Getting to space isn't really that hard. SpaceShip One/Two does it without going much faster than sound. To quote Randall:
--- Quote ---The reason it's hard to get to orbit isn't that space is high up.
It's hard to get to orbit because you have to go so fast.
--- End quote ---
The Rutan craft basically pull the same stunt the X-15 did. The fancy feathering maneuver at the end allows them to bleed more speed with less "OH BEARD PLEASE HELP US WE'RE GOING TO DIE." That said, they aren't going fast enough to stay in space. Feathering or not, the SpaceShip series is coming back down, and it'll do it shortly after it gets up there.
Rockets use insane amounts of fuel to go insanely fast just to get to LEO. 18,000 miles per hour.
In order to descend like a glider, you first have to slow down from 18000 to a more sedate 300 or so.
And that's what the space shuttle was designed to do. the most efficient way to bleed of that speed was and compressive heat.

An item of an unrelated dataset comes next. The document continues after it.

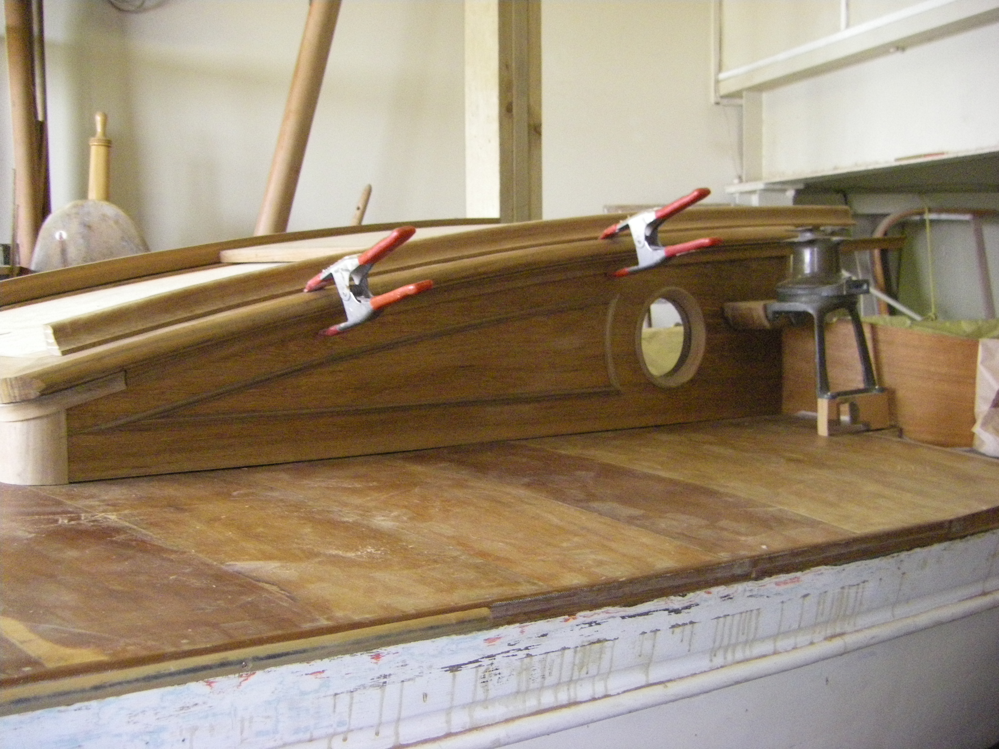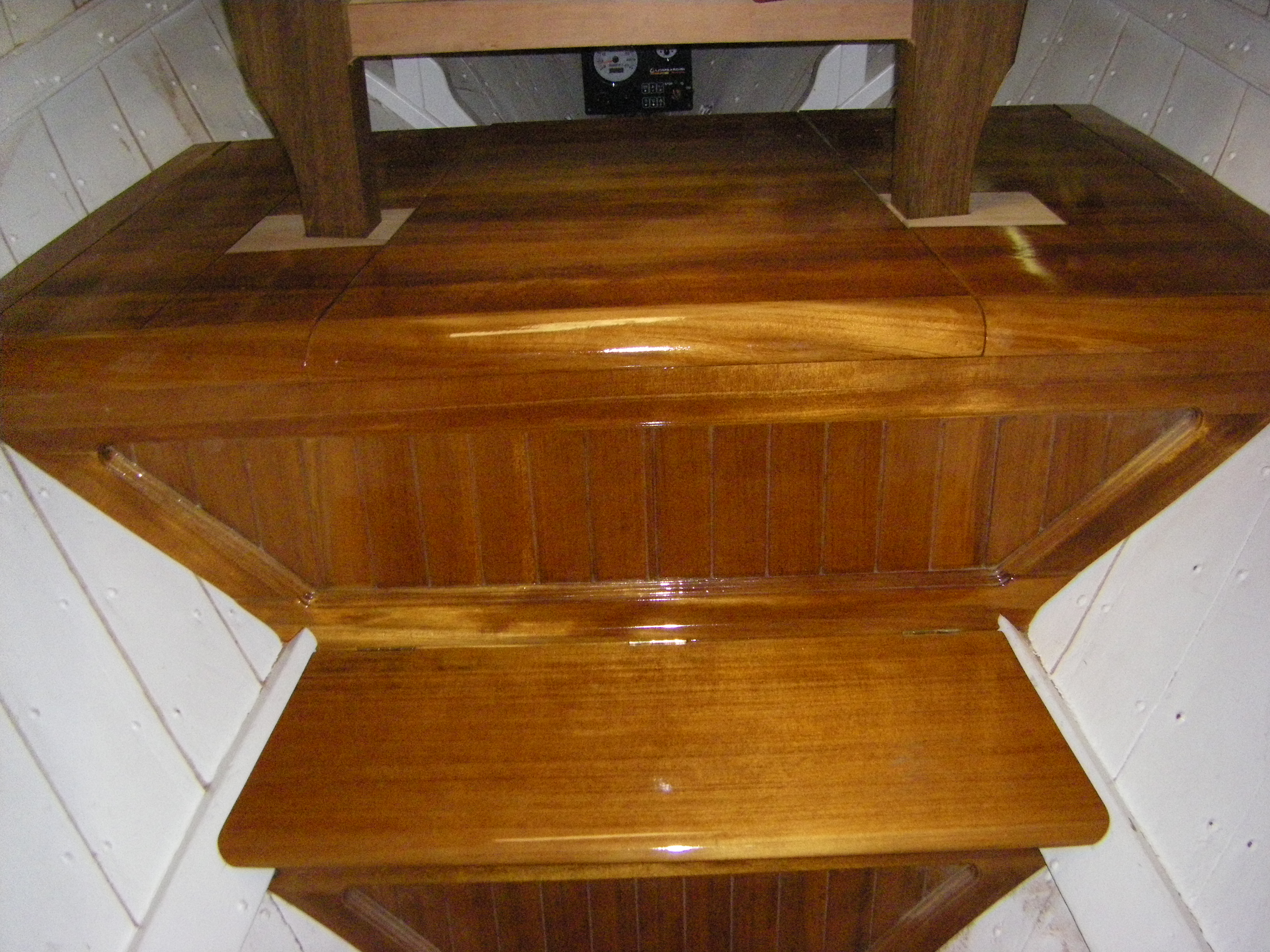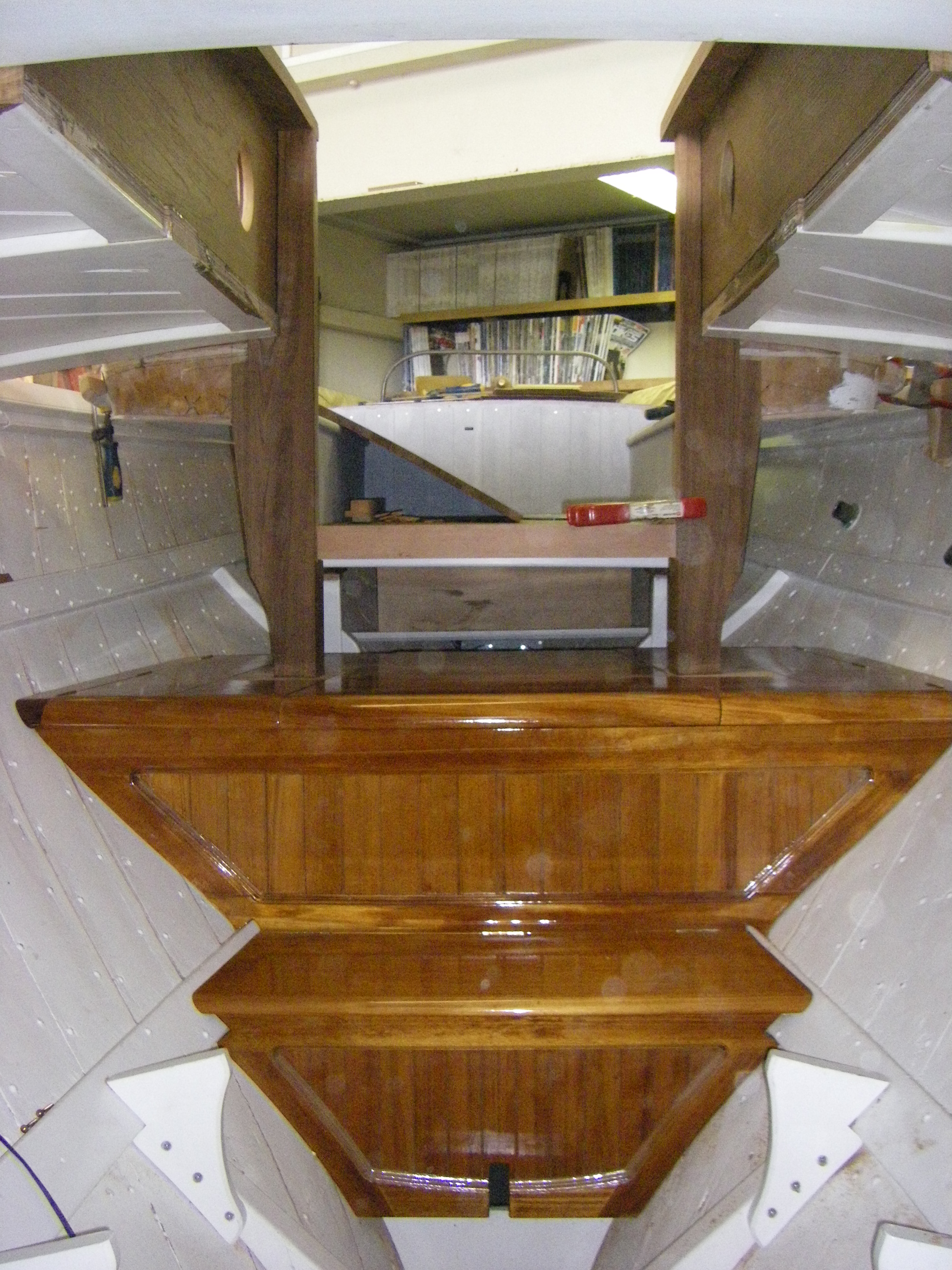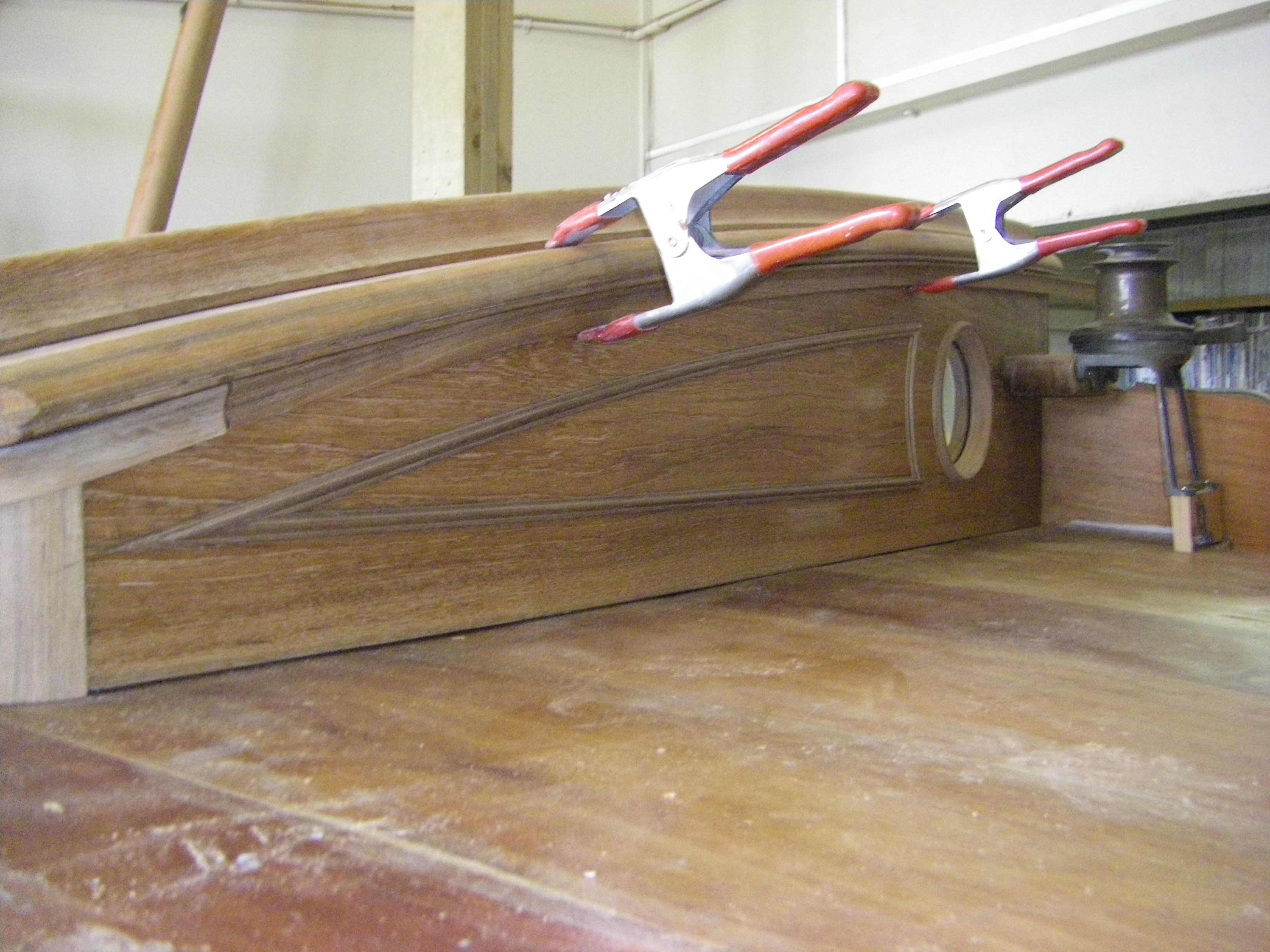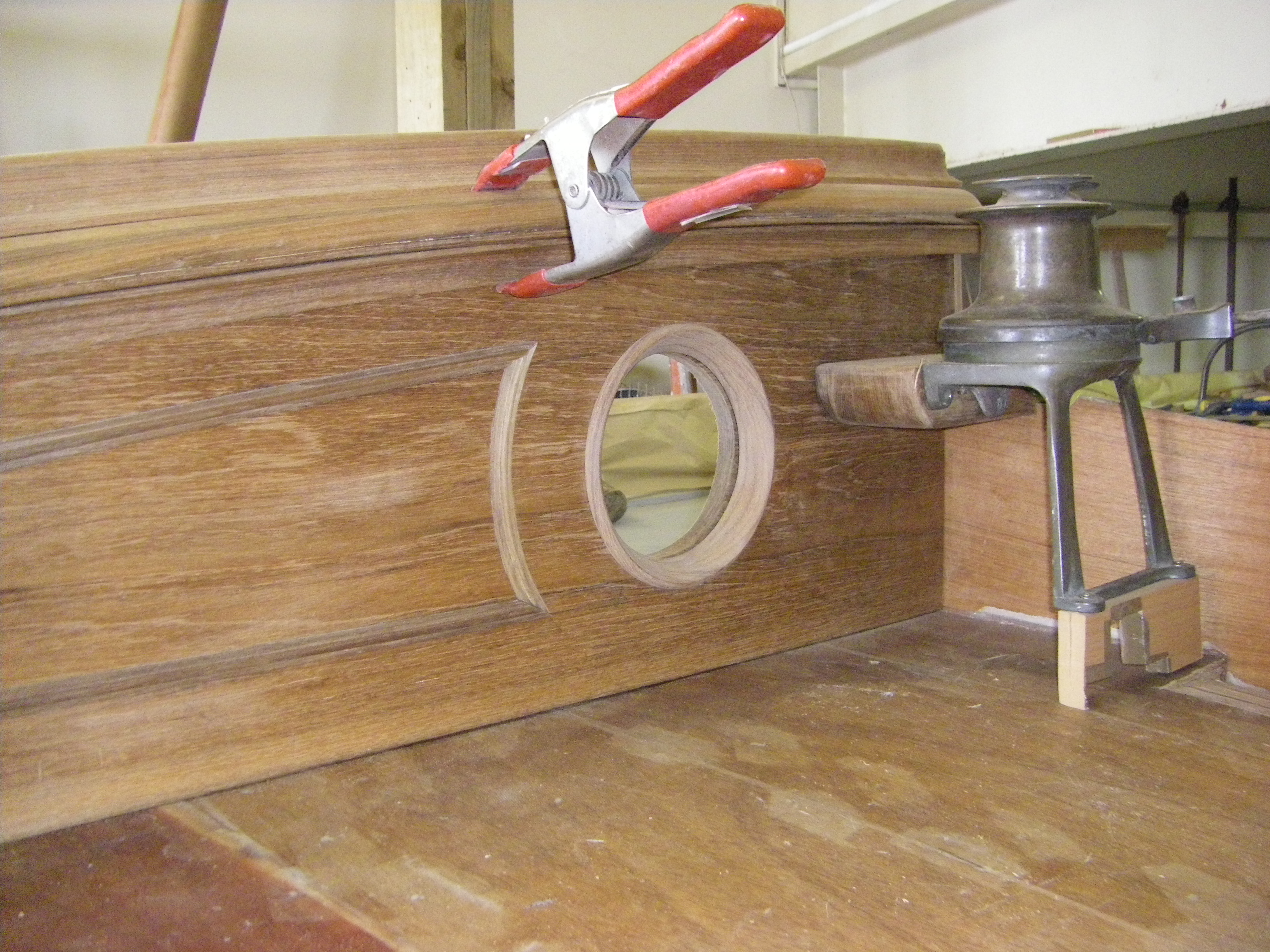 Machine timber for, and laminate on teak veneer to hatch top panel. Make and fit handle to hatch slide. Glue in and finish mouldings to hatch sides. Sand and scrape both sides of hatch top, front and sides. Make and fit forward corner internal pieces. Make and fit sill to companionway. Carve beadings around inside face of portlights.

The next option was fuel, but that runs into the tyranny of the rocket equation. The fule needed to lift the Shuttle and hurl it at 18000 miles per hour, so that it achieves Arthur Dent's most astounding trick (falling to Earth and missing), isn't really that much. just a fraction of the fuel used. The vast majority of the fule is devoted to lifting the fuel. Lifting enough fuel to slow back down means another, equal, vast majority dedicated to lifting that fuel. (The rocket equation. an easy way to figure out how much fuel you need to lift the fuel you need, to lift the fuel you need, to lift the fuel you need to lift the fuel you need... Er. put it this way. Say you need 1 unit of fuel mass to lift one unit of payload mass.The problem is, the mass of your fully fueled miss is now two units. Which means you need 2 more units of fuel. But then your mass is 4 units. so you need 4 more... You're saved by the fact that your fuel is a propellant. You get lift by throwing it the other way, really hard. So seconds after you fire the engines, you've thrown away a lot of mass. You get less massive as you go up.)

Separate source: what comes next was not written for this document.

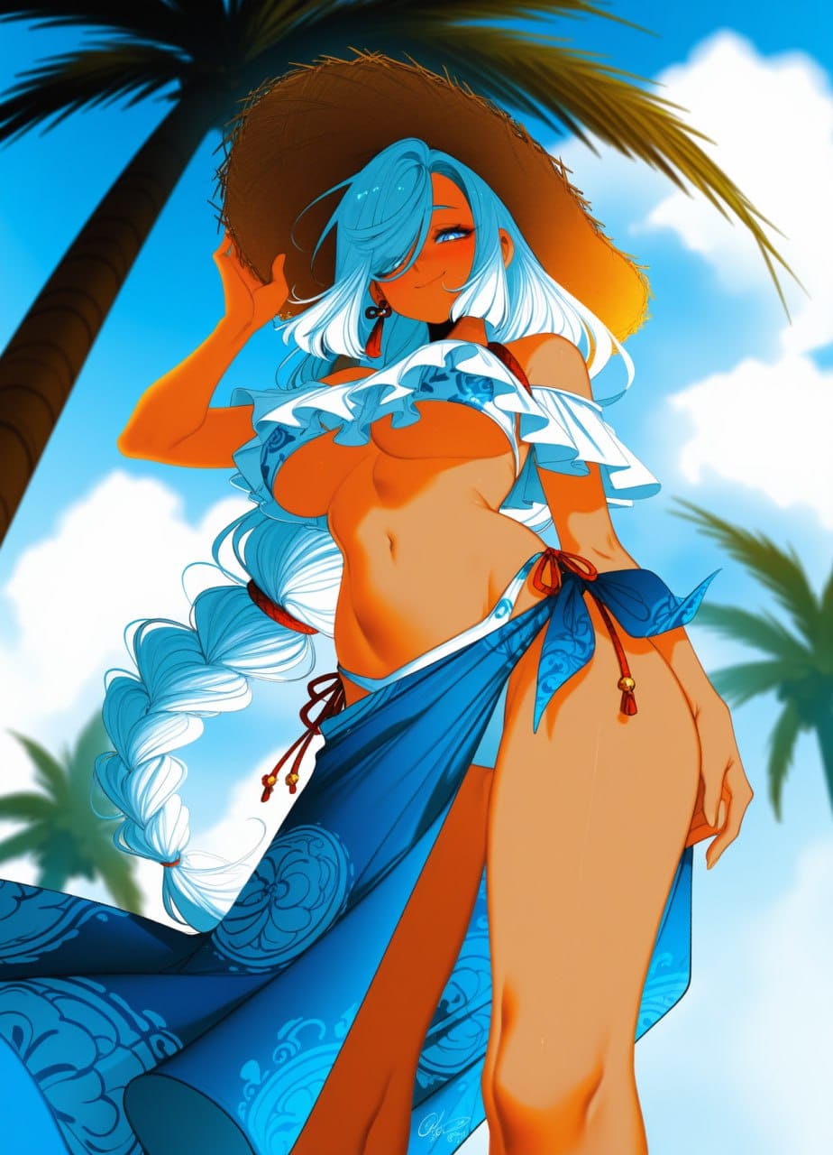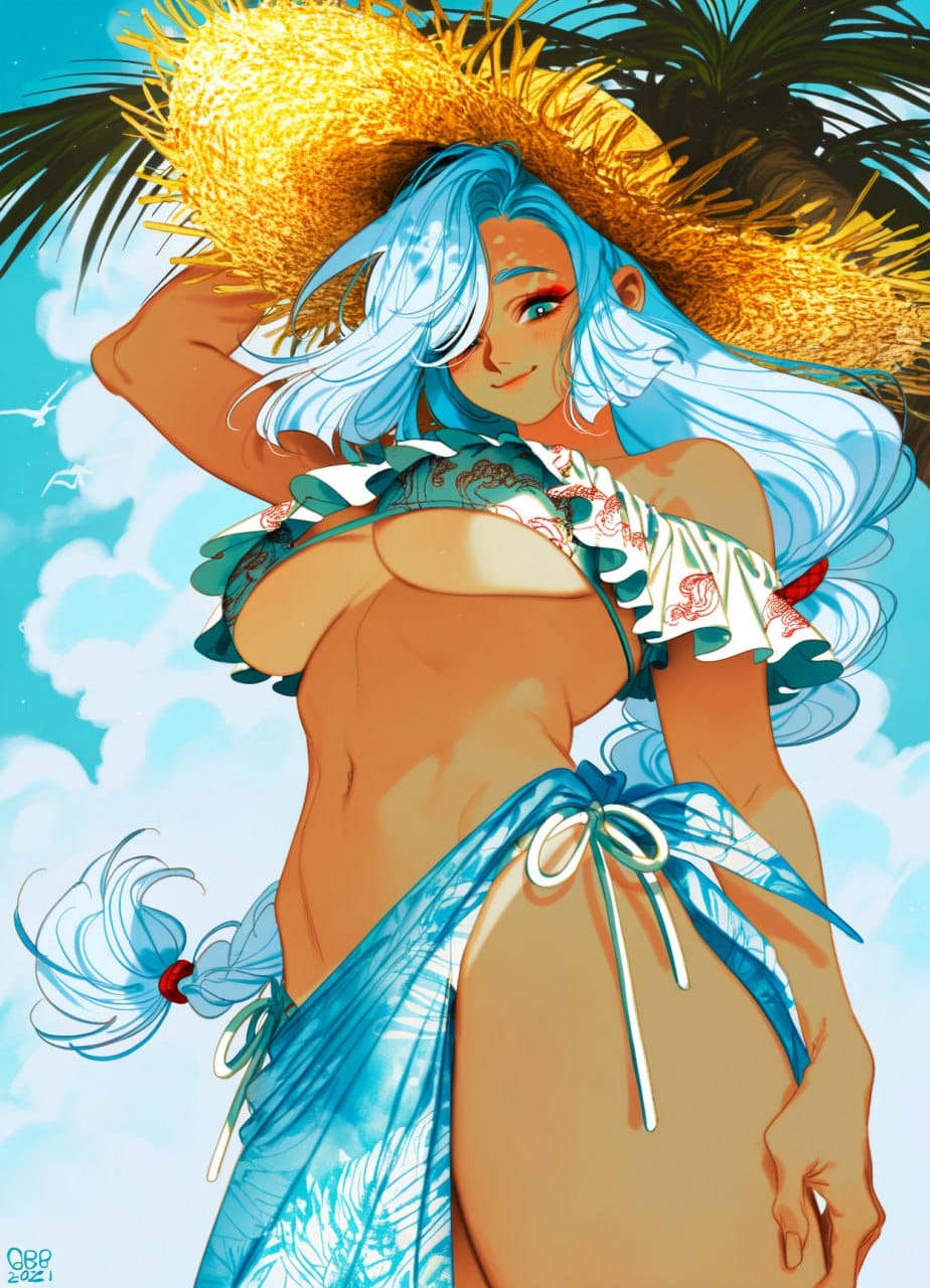 straw hat, white bikini, print bikini, frilled bikini, underboob, bare shoulders, off-shoulder bikini, navel, stomach, side-tie bikini bottom, blue sarong, print sarong, blue cross-laced sandals

Returning to our 1 unit for 1 unit, assuming an exhaust velocity of six kilometers per second, you need almost 6 units of fuel to lift your payload and fuel to lift that payload. If you add enough fuel to slow back down, your fuel cost jumps to +11 units. Your vehicle mass just doubled. That's off the cuff, but considering the cost to orbit, doubling the payload you're putting up there, doubles your expenditure. Space is expensive.
DSL:
Sure is. We're talking about two sides of the bootstrap situation, though. You the initial side, where the human space program is now and we have to pack.everything we need at the beginning, and I'm thinking ahead to that place I hope we get, when there's enough of a.support infrastructure in place, in orbit or even at destination, that future flights will be able to lean on it and not have to carry everything. It'll.tale a.long time to get to that point but once it's reached, the growth will (be able to be) exponential.

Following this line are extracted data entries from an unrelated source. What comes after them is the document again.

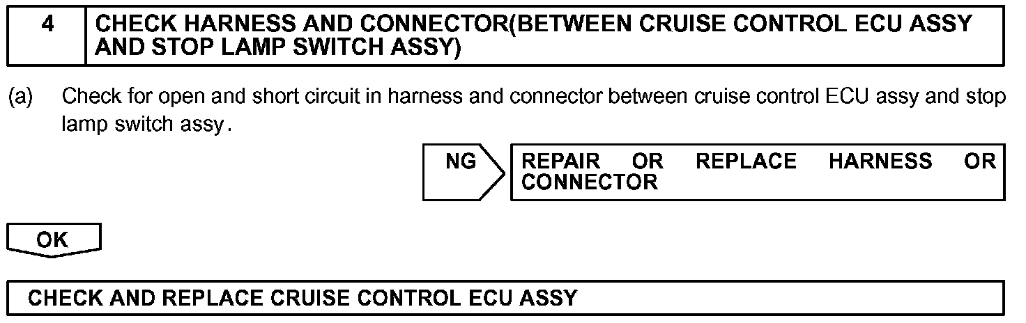When the brake pedal is depressed, normal battery positive voltage normally is applied through the STOP fuse and stop lamp switch assy to terminal STP- of the cruise control ECU assy, and the cruise control ECU assy turns the cruise control to off.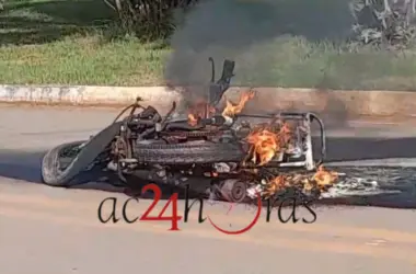 Um acidente de trânsito envolvendo um carro e uma motocicleta deixou uma pessoa com escoriações e resultou na destruição total da moto pelo fogo, na
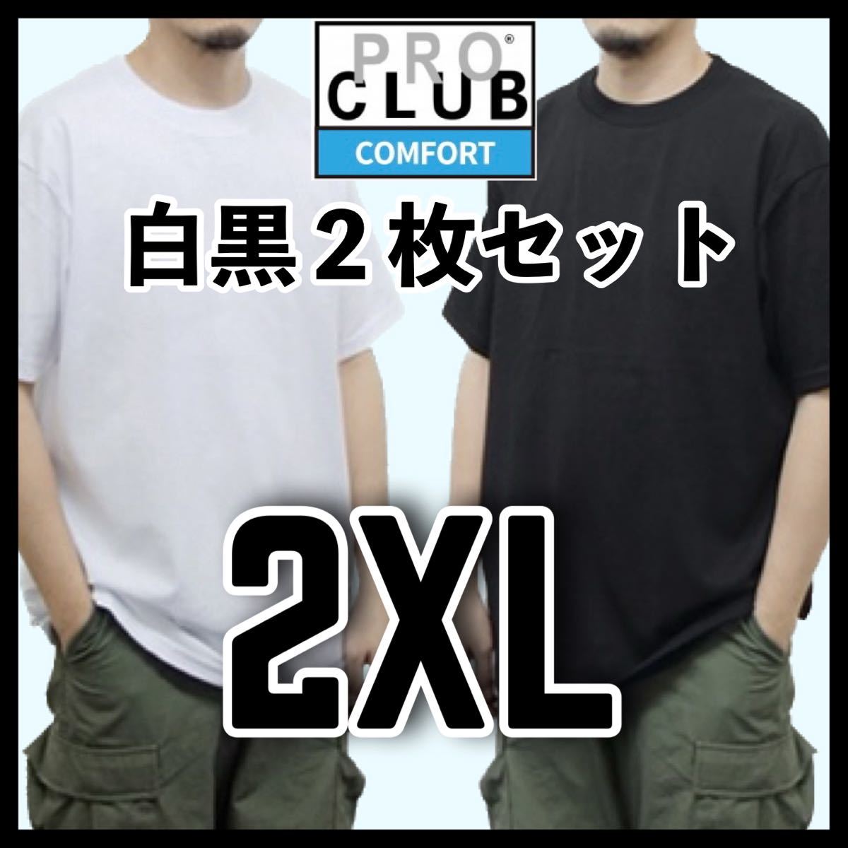 > 新品未使用 プロクラブ 5.8oz コンフォート 無地 半袖 Tシャツ 白黒 2枚セット 2XL サイズ PROCLUB COMFORT クルーネック

Meanwhile, I'm kicking myself for.not paying more attention to the Dawn mission to Vesta and, soon enough, Ceres. And Pluto Express not long after that.
ReindeerFlotilla:
I'm not sure it will take a long time.
See: Elon Musk.
If anyone had ever told me the answer to the reusable space craft proble was to bring the lower stage down for a controlled vertical landing, I'd have called them nuts.
Space X roasts yer nuts.
Orion is 8 years from demonstration and proofing flights. Dragon is delivering cargo, and Falcon Heavy is planned to demo next year. Musk started rolling at the same time Constellation did. They are on track to meet the Constellation schedule, while Orion is 7 years behind.
I'm sure there's a physical answer to the deorbit problem. But finding that answer in NASA, getting it funded, and built... That's impossible.